Bamako, Mali – May, 2008

Kalifa Patrice Dembele, age 3, lies in her hospital bed on a Friday morning in Bamako, Mali while her mother, Tiemany Diarra, looks on. Kalifa began to feel unwell about five days before this picture was taken. Tiemany took her to the closest district clinic on the outskirts of Bamako with a fever on Monday. The doctor thought she might have a mild bug and sent her home but when Kalifa didn’t improve, and her breathing worsened, she and her mother returned to the clinic on Wednesday. Kalifa had deteriorated so much that the doctor had her immediately evacuated to the country’s only pediatric facility, the Gabriel Toure’ hospital, where pneumococcal pneumonia and meningitis were diagnosed and aggressive treatment was begun.

Unfortunately, this was not Tiemany’s first experience with pneumococcal disease. Six months prior, her only other child, six-year old Clarice, began to suffer convulsions and ultimately passed away as a result of pneumococcal meningitis in this same hospital room. The young doctor treating Kalifa, Dr.
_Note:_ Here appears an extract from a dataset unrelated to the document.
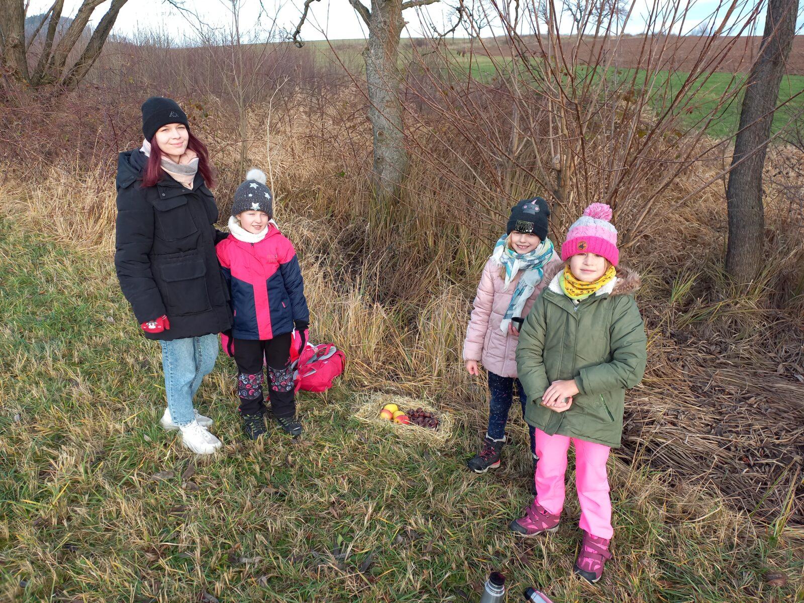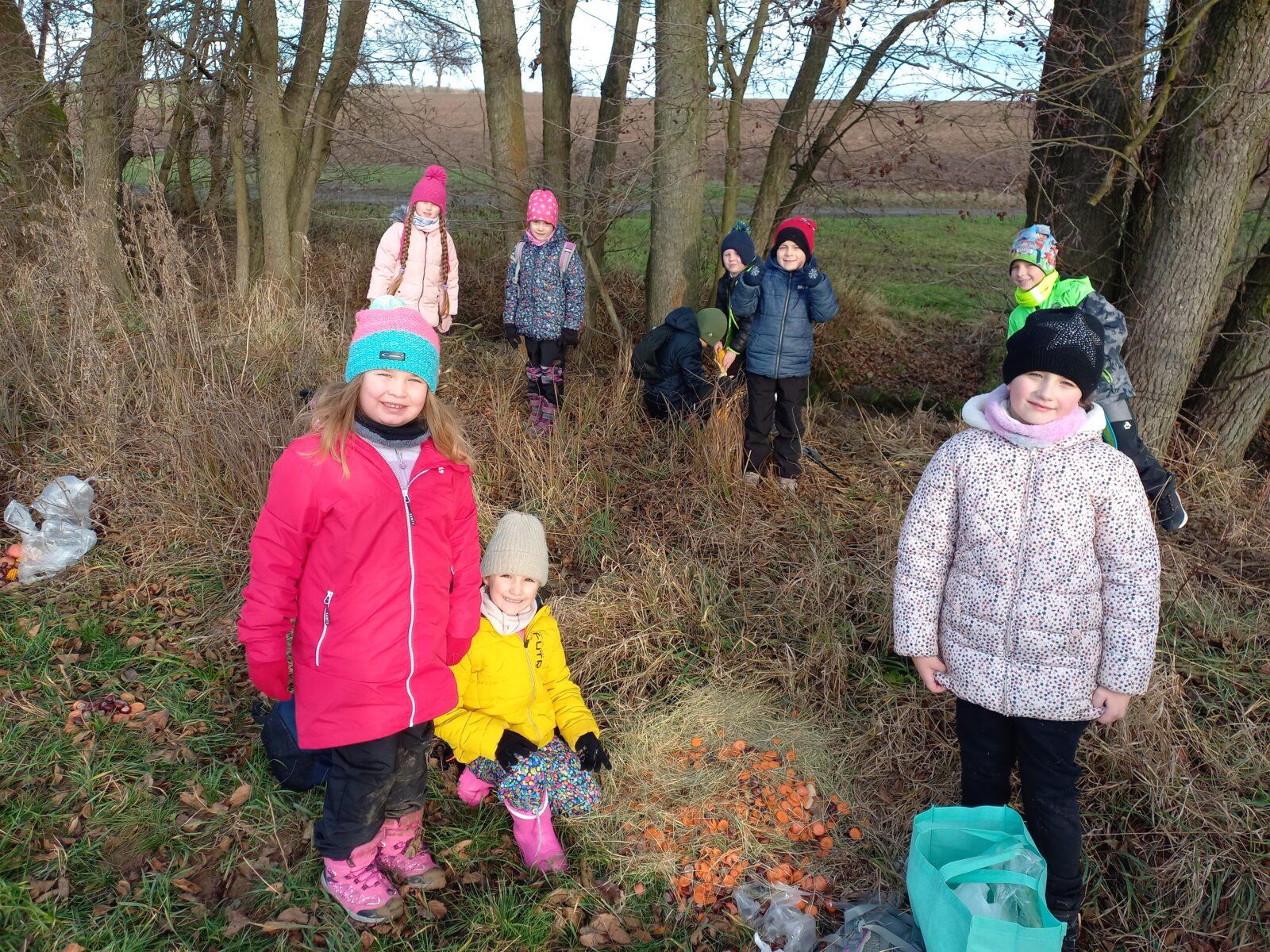 Ve čtvrtek 19. 12. se celý 1. stupeň naší školy vydal do krásné přírody v okolí Libchav v rámci tradiční akce "Vánoční les". Prvostupňoví žáci donesli pro lesní zvěř na přilepšenou mnoho "dobrot". V zimním období zvěři příroda mnoho nenabízí, proto ji žáci obdarovali např. senem, jablky, mrkví nebo kaštany. Po celou dobu nás provázelo sluníčko, lepší počasí jsme si ani nemohli přát :-)

Mamadou Baba Sylla, says of his own child “Even if my daughter has a little fever, I’m afraid… My first thought is always pneumococcus… When I go to the lab to get results for a child, if I see that it is Streptococcus pneumoniae, the first thing I think is that this child is going to die”. Despite the doctors’ best efforts and the best available treatment, Kalifa, like her sister, lost her battle with the pneumococcus the day after this photo was taken and Teimany Diarra lost her only living child.